Excerpt: DNA methylation is a key hallmark of gene activity in mammals…
My comment: That is an understatement! DNA methylation is the end of human evolution. Methylation is THE hallmark of nutrient-dependent hormone-organized and hormone-activated changes in the organized genome of mammals. The changes epigenetically link olfactory/pheromonal input to the physical landscape of DNA via methylation. The changes in the organized genomes are manifested in morphological and behavioral phenotypes in vertebrates and invertebrates. For examples, see: Nutrient-dependent/pheromone-controlled adaptive evolution: a model.
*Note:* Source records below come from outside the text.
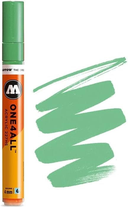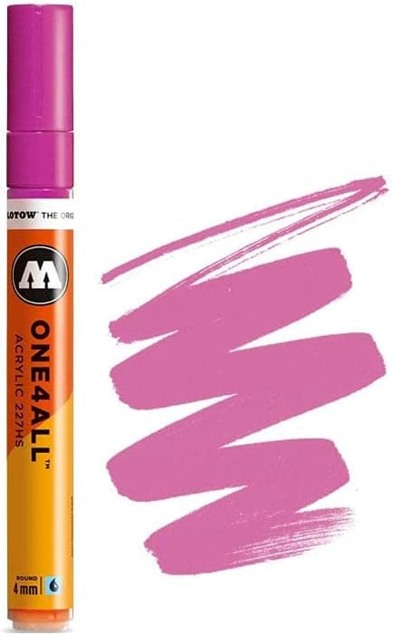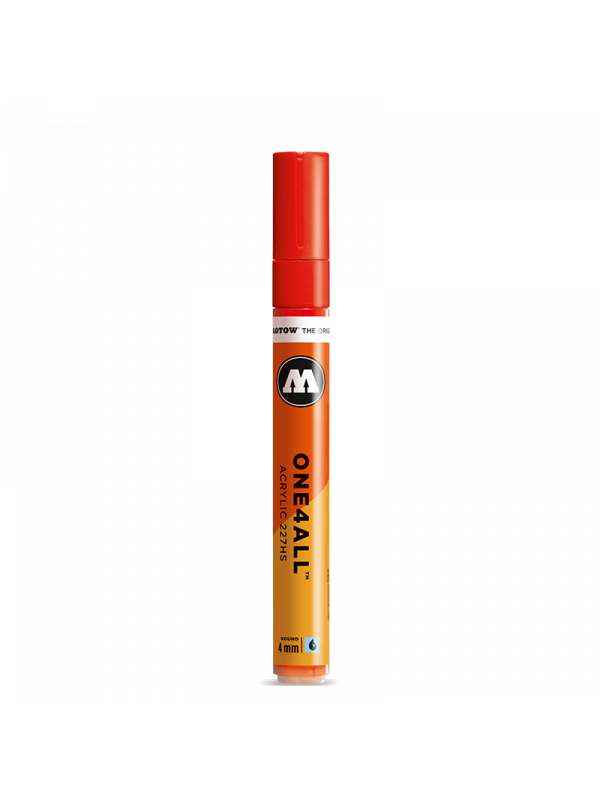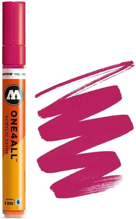 The 227 Molotow High Solid One4All Markers are designed specifically to meet the high standards of professional artists. The 227HS markers have great coverage. Molotow's patented Flowmaster Valve system allows the paint to flow evenly with more consistency than any marker of its style. This marker has a 4mm nib which are replaceable.
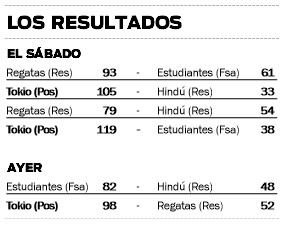 Tokio conquistó así tres victorias en igual número de presentaciones, ya que el sábado había derrotado en primer turno a Hindú de Resistencia (105-33) y posteriormente a Estudiantes de Formosa (119-38).
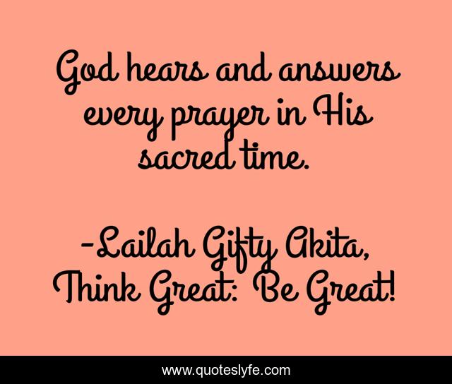 "Lailah Gifty Akita, Think Great: Be Great! Quotes." Quoteslyfe.com, 2025. Sat. 06 Dec. 2025. <https://www.quoteslyfe.com/quote/God-hears-and-answers-every-prayer-in-114926>.
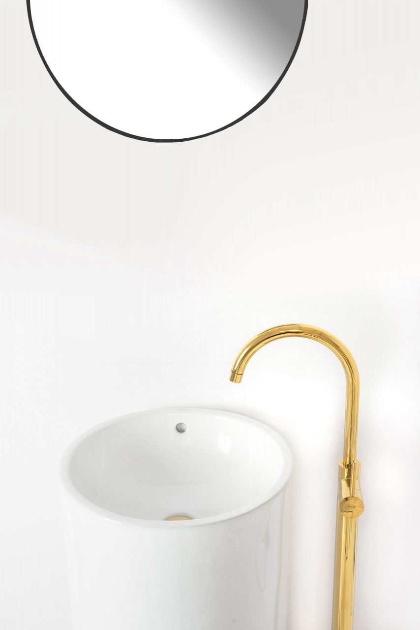 Bateria modernă și funcțională aurie impresionează prin designul său neobișnuit. Va umple perfect spațiul băii. Produsul este fabricat din alamă acoperită cu un strat auriu. Bateria este foarte durabilă și ușor de curățat. Robinetele independente sunt o opțiune modernă și elegantă pentru a plasa baterii în fiecare baie. Este o alternativă interesantă la robinetele montate în pereți și pe marginile lavoarelor. Sunt perfecte pentru băi mai mari, servind nu numai un rol pur funcțional, ci și decorativ. În combinație cu un frumos lavoar de sine stătător, care se potrivește cu designul la robinet, creează un efect vizual perfect. Capetele din ceramică garantează o durată lungă de viață.
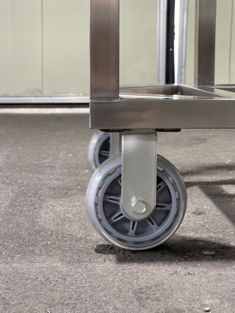 이번 제작에서 캐스터는 고객님께서 직접 별도로 구매하시기로 하여, 저희는 카트의 프레임 부분 제작에 집중하였습니다. 프레임은 안정적인 구조와 깔끔한 용접 마감으로 마무리하였으며, 후에 고객님이 준비하신 캐스터를 장착하여 바로 사용 가능하도록 하였습니다.
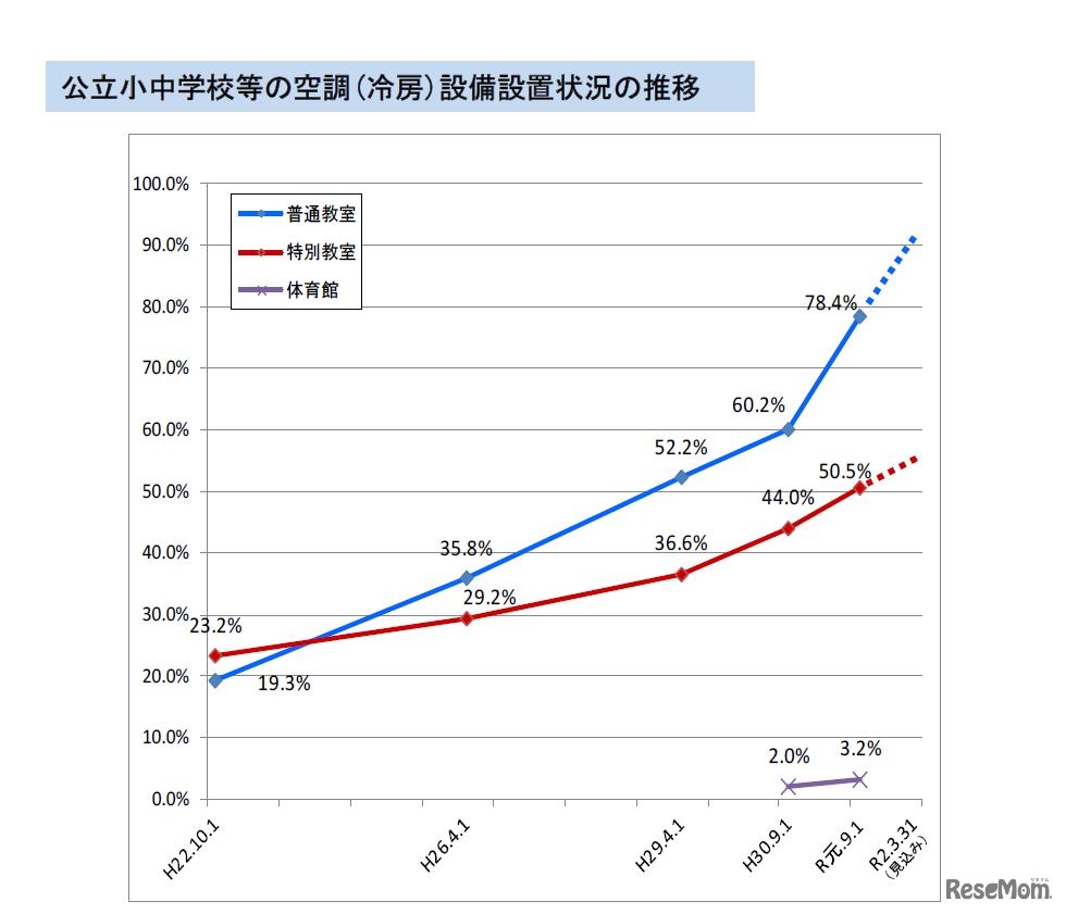 公立学校の冷房設置率は78.4%と、前年度より18.2ポイント増えていることが2019年9月19日、文部科学省の調査結果から明らかになった。公立小中学校普通教室の冷房設置率は、2019年度末には北海道、青森県、秋田県を除く全都府県が80~100%に達する見込みだという。
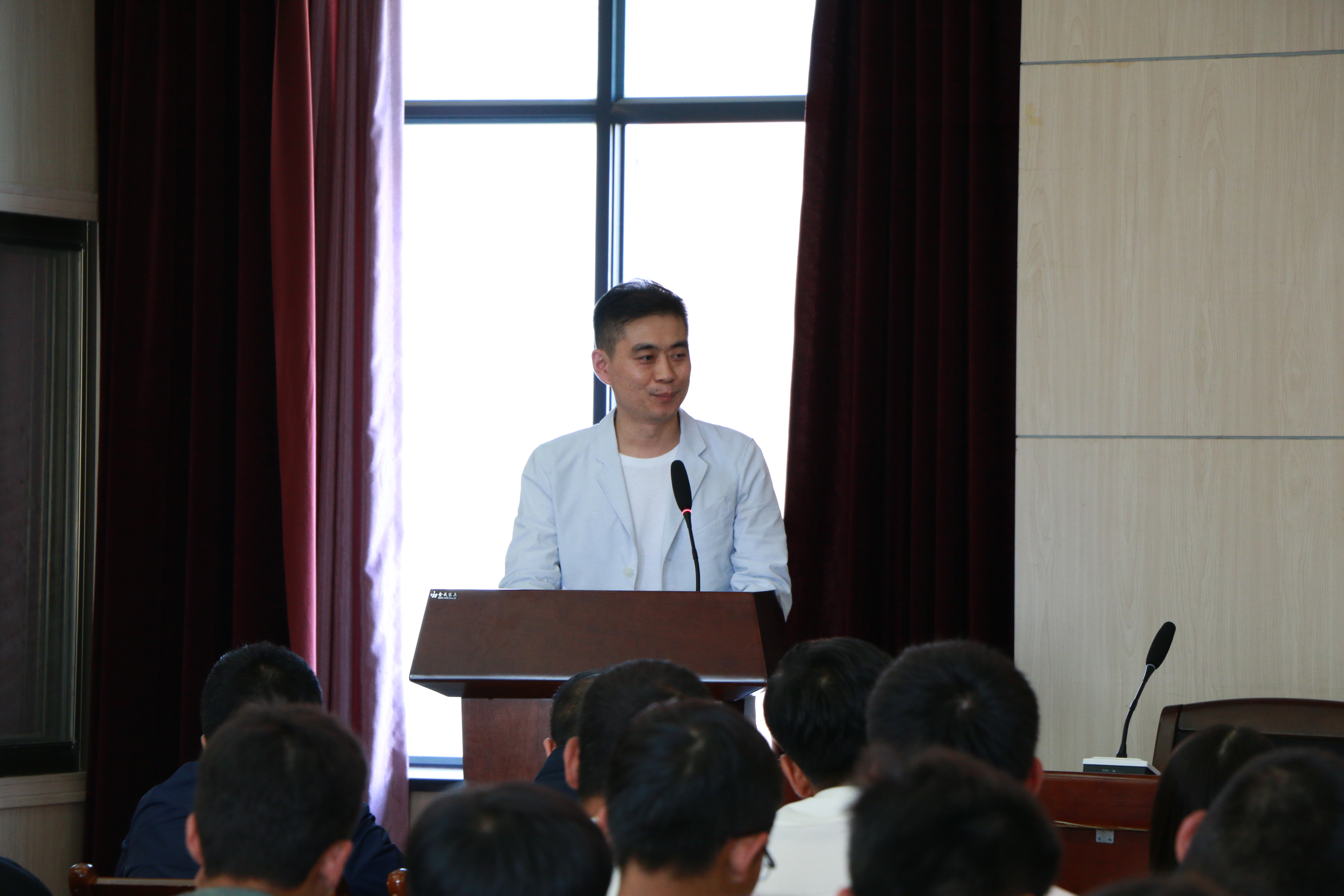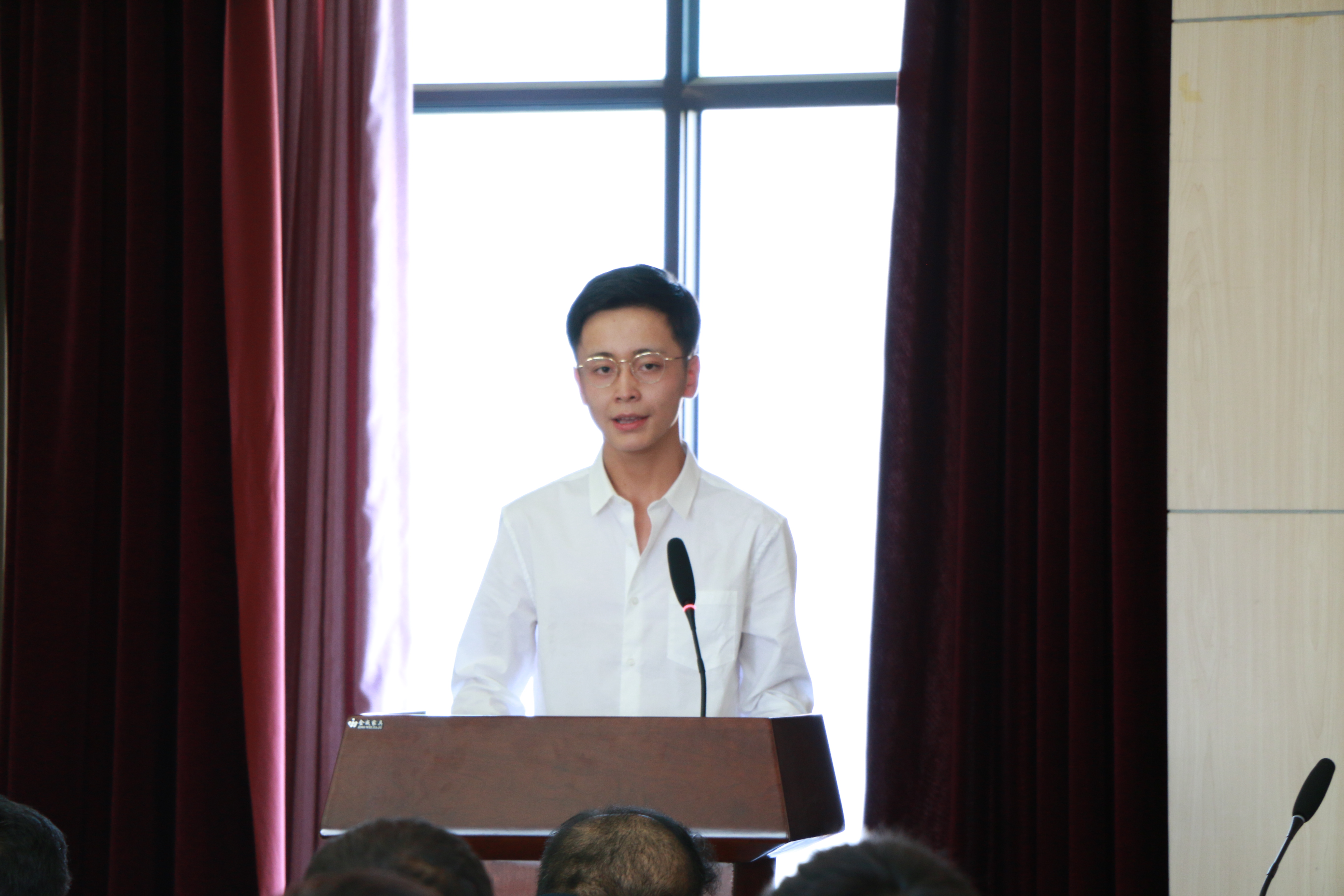 硕士研究生导师代表贾克防副教授从“快乐”和“成功”两个方面寄语新生:同学们一定要寻找到最真实、最有生命力的快乐,即求知和学习的快乐,并借用西方哲学家亚里士多德的著名言论“人就其本性而言是求知的”展开阐释;一味地追求成功并不可取,那样更容易导致失败,只有不断追求卓越,成功才会伴随而至。
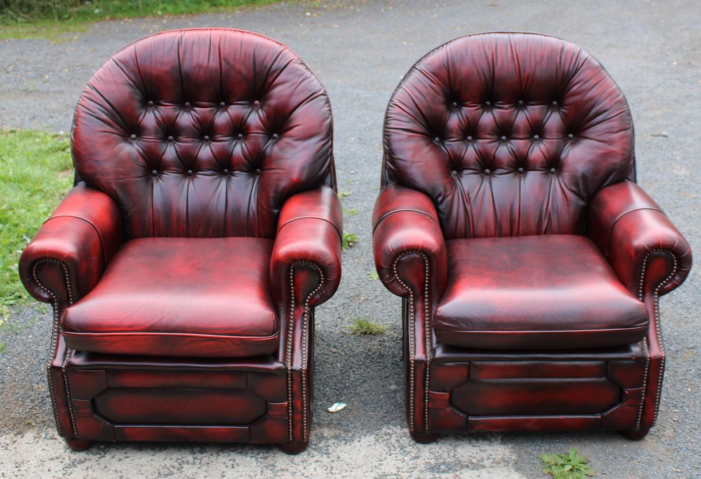 1960s Pair of Chesterfield Red Leather Highback Buttoned Armchairs
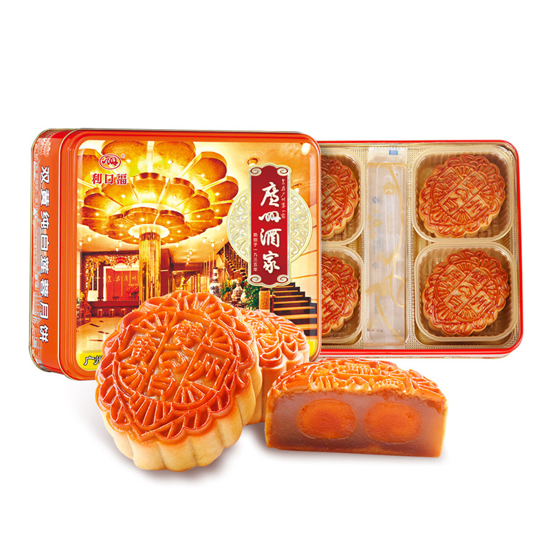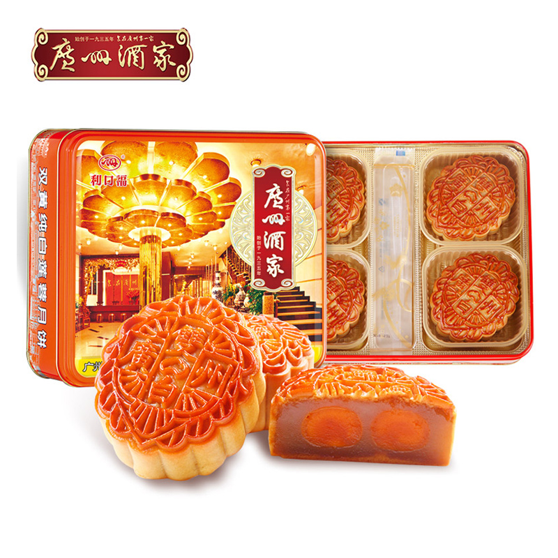 Guangzhou restaurant moon cake double egg yolk pure white lotus seed moon cake gift box 750g Mid Autumn Festival Cantonese moon cake group purchase wholesale
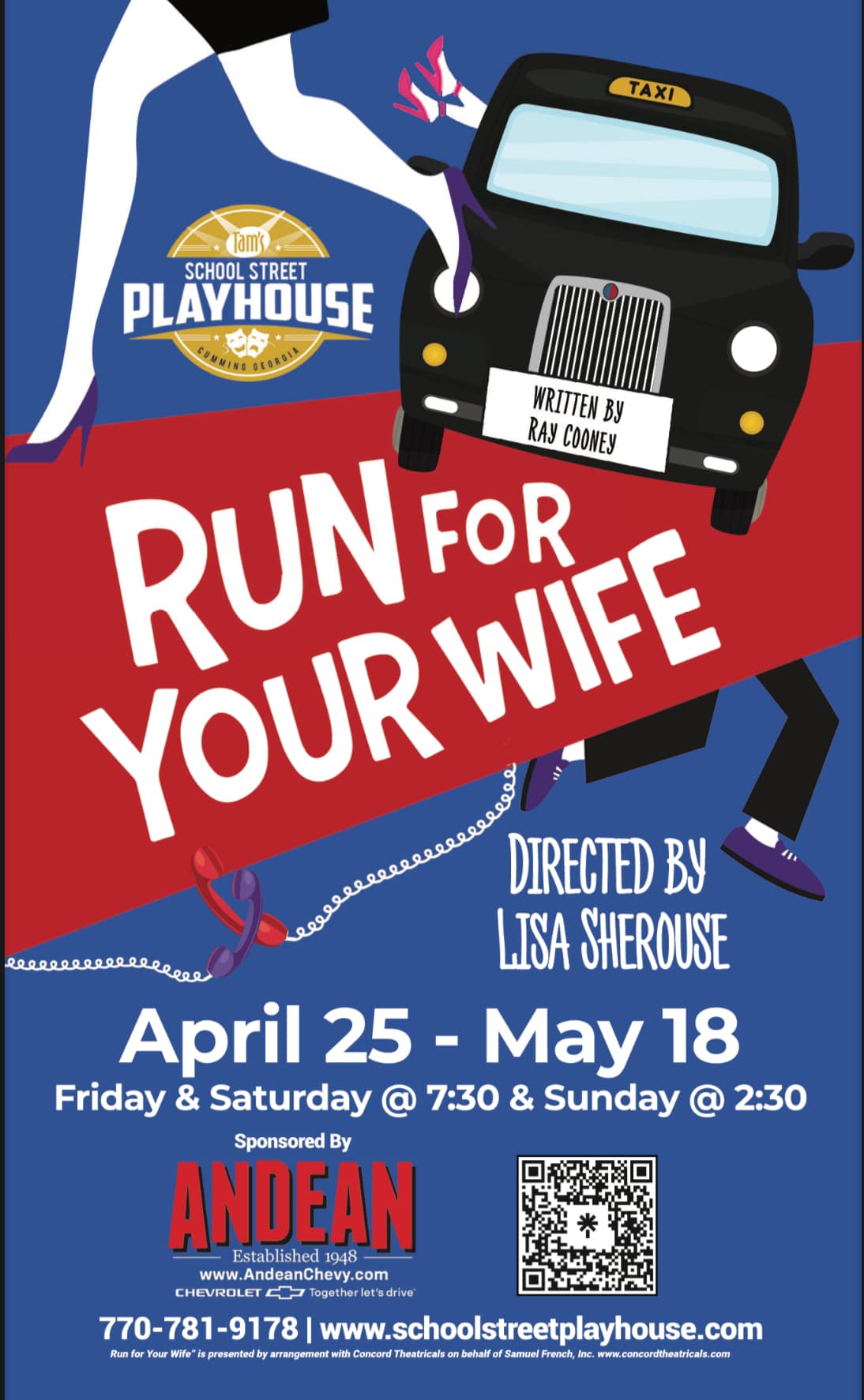The School Street Playhouse brings another hilarious British comedy to the stage beginning on April 25th. "Run for Your Wife" by famed British playwright Ray Cooney centers around John Smith, an "ordinary" London taxi driver who secretly has two wives in two different towns. After an accidental head injury leaves John confused and off his intricate schedule, complication is piled upon complication as he tries to hide his double life from both wives, neighbors, and the police. Hilarity ensues as the plot continues to thicken - and then thicken some more.
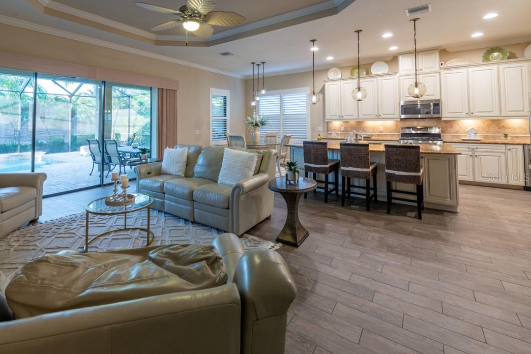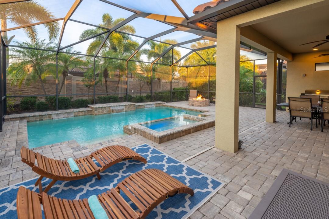 $875,000 Sale or 12 month minimum rental $5,850. Esplanade Golf and Country Club at Lakewood Ranch…Beautifully appointed and maintained home with Custom Salt Water Pool/Spa, Fire Pit, and outdoor Kitchen. Farnese Model Club Home with access to all amenities…plus save $4K yearly on HOA costs. Pay as you play Golf with Green fees ranging from $40-91including Cart depending on season. Upgraded elevation with Covered Stone Tower and Courtyard adding 800 sqft of outdoor entertaining area. 2100 sqft 2 1/2 bath, 2 Bedroom plus flex room currently used as a Den/home office. Flex room could easily be converted to a 3rd bedroom if needed. Open floor plan, high ceilings with 8 ft doors. Tray ceilings and Crown molding throughout with upgraded Cabinets, Appliances, and Wine Cooler. Wood grain looking Tile throughout with conventional Tile in all Bathrooms and Laundry room. 4 foot Garage extension. Pocket sliders lead out from the Great room to your own secluded Oasis with Custom Pool/Spa, Fire Pit, and Outdoor Kitchen with new never used Grill and Refrigerator all under a caged Lanai surrounded by Custom Landscaping including Lighted Palms providing a quiet and serene atmosphere. Better than new with all the needed features builders don’t include IE: Ceiling fans, Plantation shutters, upgraded lighting, Custom Closet treatments, Custom Vanity in Master Bathroom, upgraded landscaping, complete Roofing downspouts, Insulated Garage door, Epoxy garage floor, and 50 AMP outlet for EV. You will have access to a wealth of resort-style amenities that Esplanade has , including a Wellness Center, Spa, a state-of-the-art gym, championship Golf course, Tennis, Bocce and Pickle ball courts plus a heated pool/spa, fire pits, and Cabana facilities. The community has multiple dining options including the Bahama Bar and Barrell House Restaurant including a state-of-the-art Culinary Center and so much more. Don’t miss this opportunity to view this exceptional property.

In that literature review, I uncovered the epigenetic basis for phenotypic differences among invertebrates and vertebrates, which include species of mammals, and I explained the development of differences between present-day and archaic humans. For example, the nutrient-dependent pheromone-controlled epigenetic basis of differences in morphological and behavioral phenotypes in mice and humans clearly involves base pair changes. One base pair change leads from methylation to an amino acid substitution and changes in the teeth, hair, sweat glands, and mammary tissue of the mouse. Those changes are paralleled by changes in a modern human population that ecologically adapted during approximately the past ~30,000 years in what is now central China. The physiology of reproduction is nutrient-dependent and pheromone-controlled in all species, which links species-specific pheromone-production in mice to pheromone-controlled reproduction in humans via the same model.
In the context of my model of nutrient-dependent pheromone-controlled ecological adaptations in mice and humans, claims about the recent evolution of our lineage can be replaced with experimental evidence of biologically-based cause and effect. Cause and effect is biophysically constrained, which means any ideas that remove ecological variation must also insert constraint-breaking mutations. However, the constraint-breaking mutations do not lead to ecological adaptations.
As these authors show, mutations lead to disease. The fact that the disease-linked genes are involved in neurological and psychiatric disorders links nutrient-dependent pheromone-controlled ecological, social, neurogenic, and socio-cognitive niche construction from ecological variation to detrimental changes in the modern human brain. The detrimental changes are associated with nutrient stress and social stress in other animals.
Nutrient-stress and social stress are the primary and secondary contributors to the end of human evolution in my model, because they limit ecological adaptation.
Nutrient stress and social stress have always limited ecological adaptations in the cell types of individuals of all species. Thus, nutrient-stress and social stress now limit use of the term evolution and replace it via a model of Nutrient-dependent pheromone-controlled ecological adaptations: from atoms to ecosystems.